India is a multicultural and multi-lingual country and in many cultures in India, which are predominantly Hindu, the son-in-law is addressed as “Jamai” and is often called as “Jamai Raja” which when translated means that the son-in-law is a king.
In fact, many years ago, a Bollywood movie was also released named as “Jamai Raja”. This article is inspired by that movie. The crux of the story of the movie is the constant struggle between the son-in-law (the hero of the movie) and his mother-in-law (the villain of the movie) which appears to be a very commonplace theme.
However, in this movie, the mother-in-law is a very vicious, greedy, manipulative, egoistic and arrogant woman who constantly tries to not only harm her son-in-law, who is a poor honest person with firm values, but also tries her level best to break the marriage of her daughter by demonizing the son-in-law and makes several attempts to trap him in false cases and also makes an attempt on his life.
The mother-in-law has also deserted her own husband. He could not bear her torture and led a life of solitude, away from his children, who grow up in a fatherless family, being raised by a single, abusive and feminist mother. The son-in-law traces the father and brings him back to the family. As the story progresses, he also unites the entire family and breaks the ego of his mother-in-law.
However, what’s important here to understand is that in the entire movie, the son-in-law undergoes so much of torture and harassment at the hands of his mother-in-law, risking his entire life and career that it really makes me think – Is the Jamai really a Raja?
The nature of abuse that is shown in the movie, though there are a lot of comic undertones to the presentation in the movie, is not unreal though. For many men, marriage is tumultuous and they mostly suffer at the hands of the mother-in-law who constantly attempts to prove her son-in-law wrong and keeps on instigating her daughter against the son-in-law.
Given, the huge number of men who suffer silently in their marriages, the abuse of son-in-law shown in this particular movie resonates with their wrath and espouses their concerns. The son-in-law takes up so much of responsibility in the movie, both for his family and his in-laws family, that it perfectly reflects the condition of Indian Jamai Raja’s who are often burdened with the responsibilities of extended families from both sides and they keep on taking the pressure upon themselves.

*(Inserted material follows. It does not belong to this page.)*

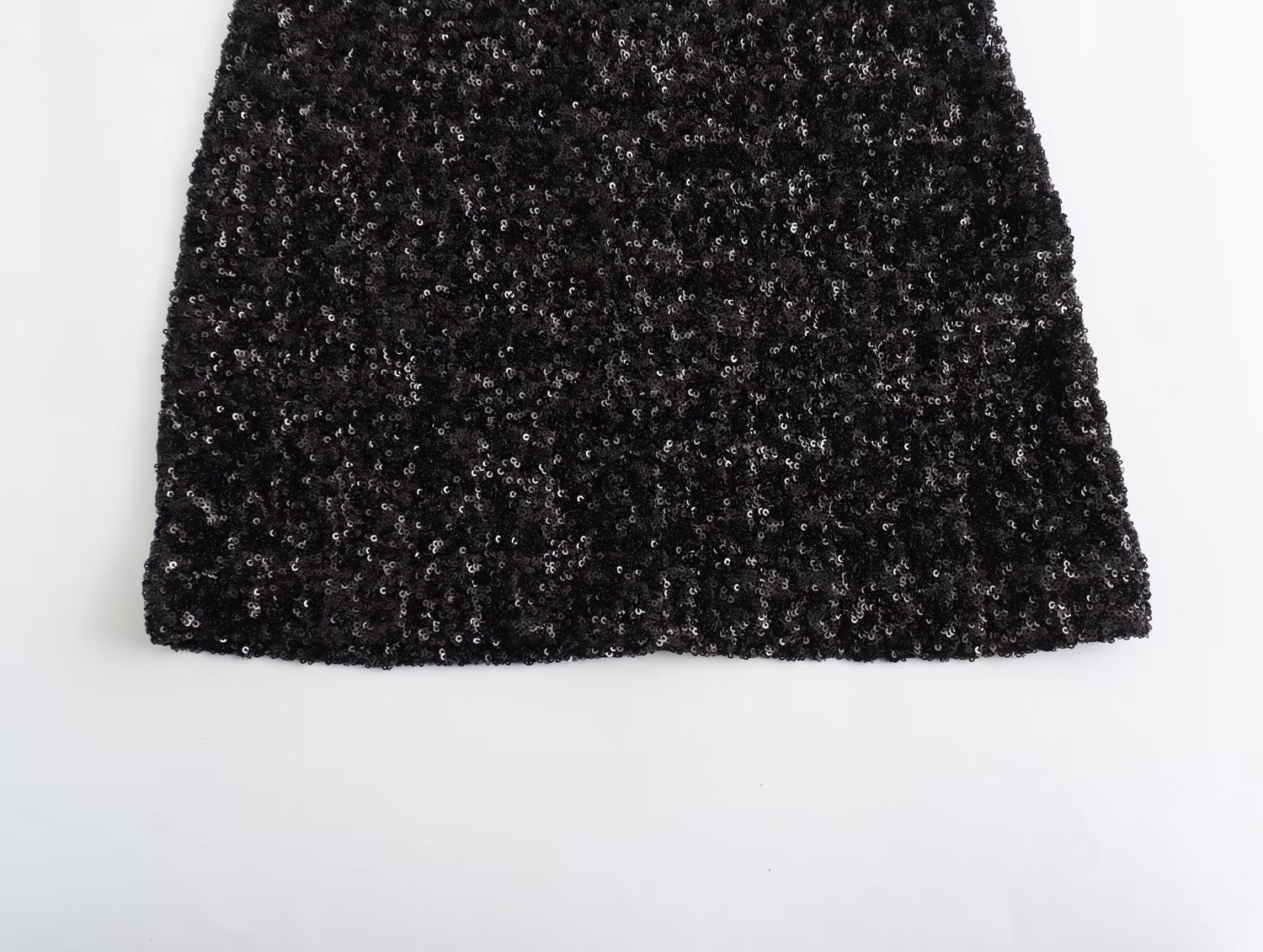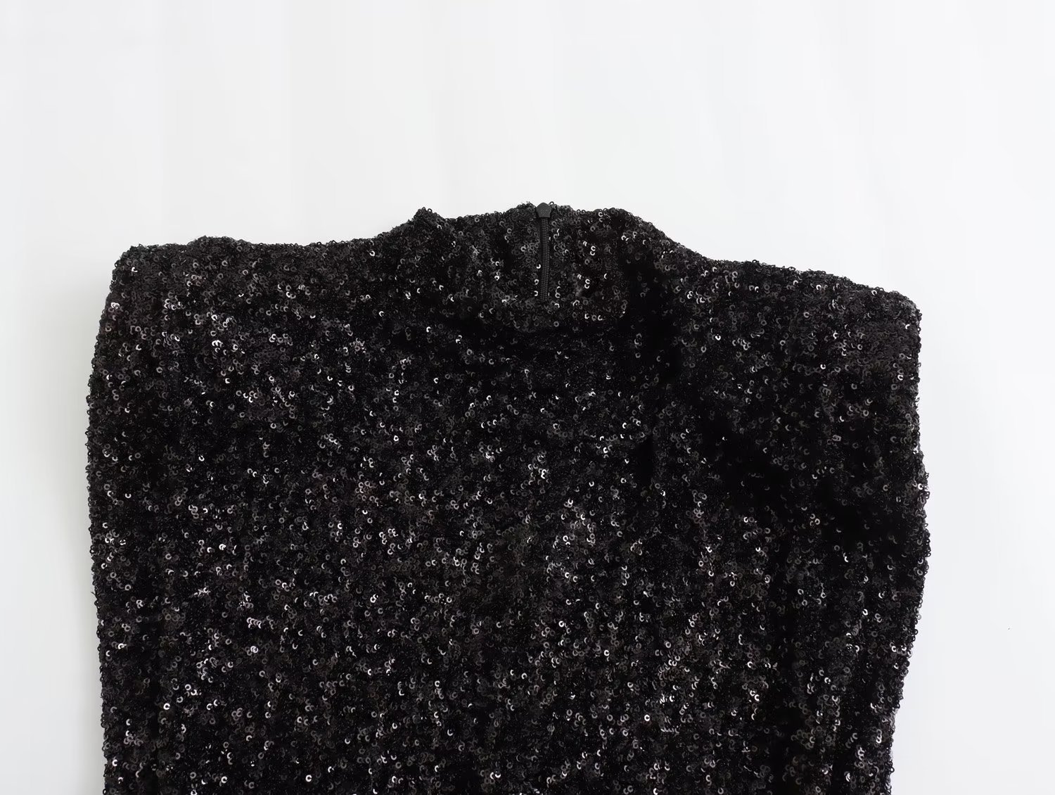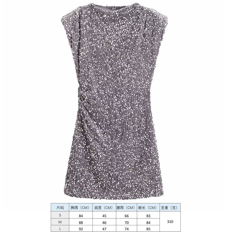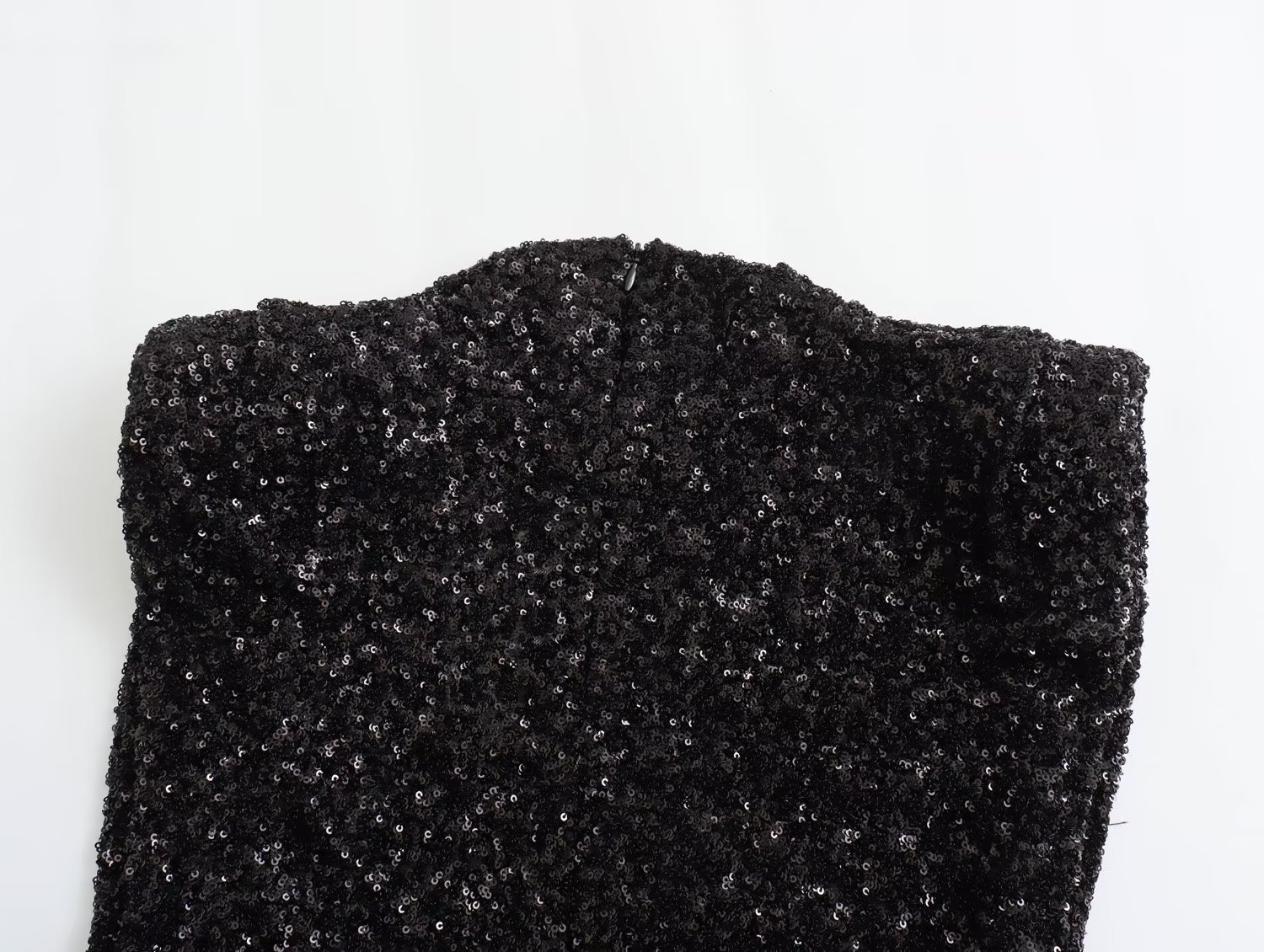 外贸聚会装跨境2023节日礼服Y2K无袖黑裙带垫肩珠片饰迷你连衣裙

Let us now have an alternative view of the world. Imagine a story wherein a mother-in-law is out to abuse the daughter-in-law and is constantly making attempts to break her son’s marriage. First of all, such a movie would never be a comedy movie. Secondly, the son would be the prime target of abuse in this case as he would be expected to balance his wife and mother.
However, in this particular movie – Jamai Raja – the daughter never faces any problem at all; in fact, the son-in-law ensures that his fight with mother-in-law doesn’t affect his wife adversely. Hence, we see that in both the cases, it’s the husband who is expected to maintain balance and is supposed to protect his wife.

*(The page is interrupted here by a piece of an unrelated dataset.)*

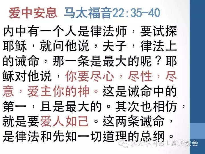 即是爱神,爱人的命令。第一是爱神,用尽你一起所能的去爱神,如果这样做,也就是爱人如己。这两个是不冲突的。而两个也就是“律法和先知一切道理的总纲”,也就是“字句”后面的精意。我们在做决定时,不用再去翻旧约,神是怎么规定的?哪些是可以做哪些是不可以做的?当我们一想,这是爱神吗?这是对人有益处吗?我们就知道是否要做,及怎么去做。
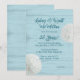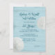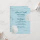Bröllopsinbjudan med strandtema med sanddollar och blå trädesign. Mörkblå-grön text är lätt att anpassa över en ljusblå trästrukturbakgrund. Två naturliga sanddollar pryder också papprets kanter. Välj att uppgradera med ett av de specialpapper som erbjuds.

It’s this forced protector role on men, which is the root cause of abuse of men and also a major reason why crime happens. And this social pressure also explains the huge numbers of married men committing suicide in India. Every year ~ 64000 married men are committing suicides in India which brings the tally to one every 8.5 minutes!
And, yet, as a society, we are indifferent to abuse of men in marriages. As a society, we enjoy movies like “Jamai Raja” as mass entertainers, which in reality depict the despicable condition of Indian men in marriages and how much stress a man goes through, just so that his marriage keeps working and how much of risk he needs to take, even endangering his life.
And even after, doing all this, all he gets in return is – abuse, blame, complaints, male hatred, anti-male laws and a stressful life.
So much for being a Jamai (a son-in-law), he is burdened more than the son of the family and is an unsung hero who suffers silently for the sake of his family.
Is he really a Raja (King) who just enjoys power without responsibility and has a pool of disposable males at his disposal for obeying his orders?
Whereas, our revered Jamai has a pool of expecting relatives who shower him with orders and the poor soul, soulfully obliges.
The phrase “Jamai Raja” is like an oxymoron and is another attempt to create an illusion that it is a respectable position so that men keep marrying and keep working for the family and the society. The gravity of the gynocentrism with which this phrase is used to deny personal space to married men is only condemnable at best.
The Jamai is not a Raja. And somebody with the mentality of a Raja can never become a Jamai. I guess, its time, we revisit our social notions and do away with such concepts as “Jamai Raja”.